You might check the door once… then again… and then again, just to be sure. Even when part of you knows everything is okay, the doubt doesn’t fully go away.
This experience is common in OCD and is often referred to as checking OCD.
What Is Checking OCD?
Checking OCD is a form of obsessive-compulsive disorder where a person feels driven to repeatedly check things in order to prevent harm, reduce anxiety, or feel certain.
In OCD, obsessions are intrusive thoughts, images, or urges that cause distress, and compulsions are behaviours performed to reduce that distress.
Checking is a type of compulsion.
It is not simply about being careful or responsible. It is driven by a need for certainty and a fear that something bad could happen if the checking is not done “properly.”
What Does Checking OCD Look Like?
Checking can take many forms, depending on the fear behind it.
Some common examples include:
- Repeatedly checking doors, windows, or alarms
- Checking that appliances are turned off
- Re-reading messages or emails before sending
- Checking for mistakes or errors
- Seeking reassurance from others (“Are you sure it’s okay?”)

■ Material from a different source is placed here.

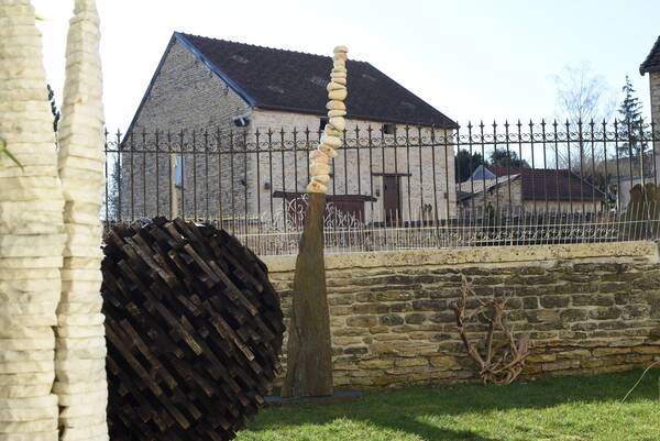 Entdecken Sie eine einzigartige Skulptur, die aus Holz und Steinen gefertigt ist. Diese beeindruckende Bildhauerei zieht alle Blicke auf sich und verleiht jedem Garten eine besondere Note.

For some people, checking can also be mental:
- Replaying events to make sure nothing went wrong
- Trying to “feel certain” that everything is safe
While the behaviour may change, the underlying experience is similar: a sense that something is not quite resolved.
What Drives the Urge to Check?
At the core of checking OCD is often a combination of:
Fear of Harm
A belief that something bad could happen:
- “What if I left the stove on and it causes a fire?”
Inflated Responsibility
A feeling of being responsible for preventing harm:
- “If something goes wrong, it will be my fault.”
Intolerance of Uncertainty
Difficulty accepting “maybe”:
- “I need to be 100% sure.”
These experiences can make even small uncertainties feel urgent and important.
The OCD Cycle in Checking
Checking follows the same pattern seen in other forms of OCD.
- An intrusive thought appears
- Anxiety or doubt increases
- Checking is performed
- Relief is felt briefly
- The doubt returns
Over time, the brain learns that checking reduces anxiety, even if only temporarily. This strengthens the urge to check again.
Compulsions such as checking may provide temporary relief, but they also maintain the cycle of OCD over time.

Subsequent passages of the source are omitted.